For clarity, let me take two examples: Shoenfield's Mathematical Logic, and Enderton's A Mathematical Introduction To Logic. Well, in those texts we have two different Deduction Theorems (we are in the context of predicate logic):
In Shoenfield's presentation:
- If $\phi$ is a sentence (closed formula), then $\Gamma, \phi \vdash \psi $ implies $\Gamma\vdash\phi\rightarrow\psi$.
While in Enderton's presentation, the hypotesis on $\phi$ is not necessary:
- For any formula $\phi$, we have that $\Gamma, \phi \vdash\psi$ implies $\Gamma\vdash\phi\rightarrow\psi$.

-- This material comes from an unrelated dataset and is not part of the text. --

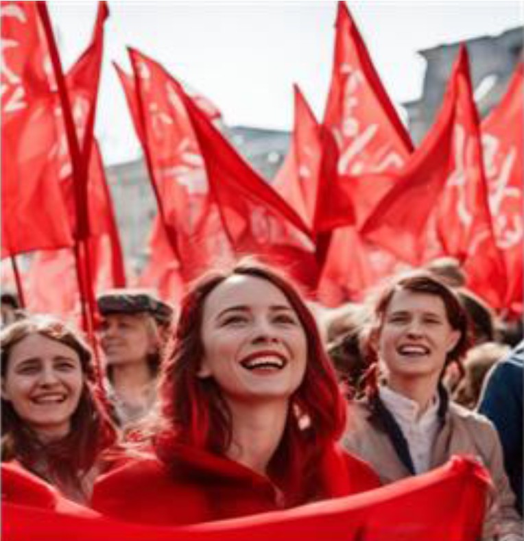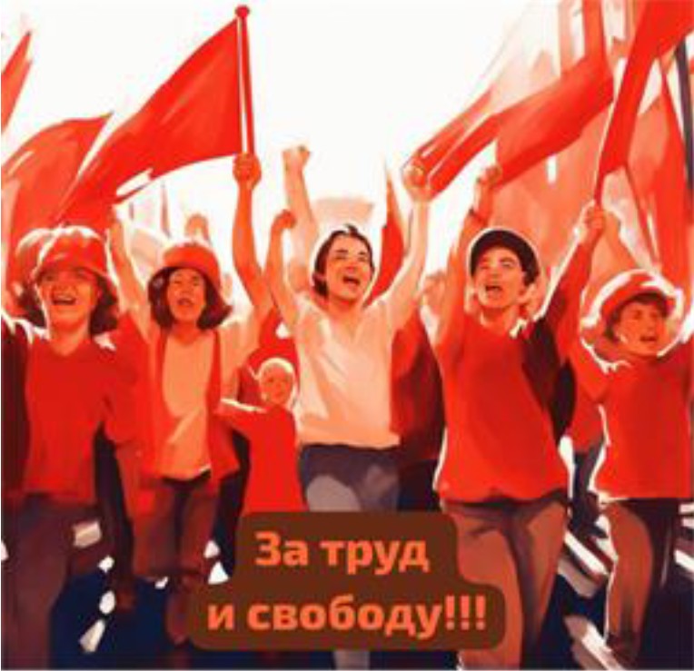 Обучающимся предлагается после изучения микротемы о Первомае в Советском Союзе и основных праздничных атрибутах (демонстрация, плакаты, открытки) при помощи рекомендуемых генеративных моделей (Шедеврум, Kandinsky) подготовить плакат или поздравительную открытку, сопроводив их текстом. Перед выполнением задания преподаватель обсуждает со студентами, что может быть включено в изображение, перечисляются основные языковые единицы, которые могут использоваться в формулировке запроса информации (промпт, или промт): весенний майский день, демонстрация, радостные лица людей, красные флаги, транспаранты, цветы. Задание предполагает также создание лозунга для плаката и/или текста поздравления (в зависимости от избранного жанра) по предложенным образцам. Примеры выполнения заданий студентами приведены на рис. 1 и 2.

Now, what I can get is that this depends on the choice of the provability relation " $\vdash$ " choosen, i.e. on the calculus that we decide to use. Again, for clarity, let briefly explain the two different calculi:
Shoenfield's calculus:
Logical axioms:
- every formula of the form A $\lor$ $\lnot$ A ;
- every formula of the form A(x) $\rightarrow \exists$xA ;
- the usual identity axioms.
Rules of inference:
- [$\lor$] from A $\lor$ B infer A; from A $\lor$ A infer A; from A $\lor$ (B $\lor$ C) infer (A $\lor$ B) $\lor$ C ;
- [Cut] from A $\lor$ B and $\lnot$ A $\lor$ C infer B $\lor$ C;
- [$\exists$] if x is not free in B, from A $\rightarrow$ B infer $\exists$xA $\rightarrow$ B.
Enderton's calculus:
Here we have just a rule of inference, Modus Ponens, and we have the following logical axioms:
- All propositional tautologies and usual axioms for the identity;
- every formula of the form $\forall$x A $\rightarrow$ A[x\t] , for t substitutable for x in A;
- every formula of the form $\forall$x (A $\rightarrow$ B) $\rightarrow$ ($\forall$x A $\rightarrow$ $\forall$x B) ;
- every formula of the form A $\rightarrow$ $\forall$x A, for x not free in A.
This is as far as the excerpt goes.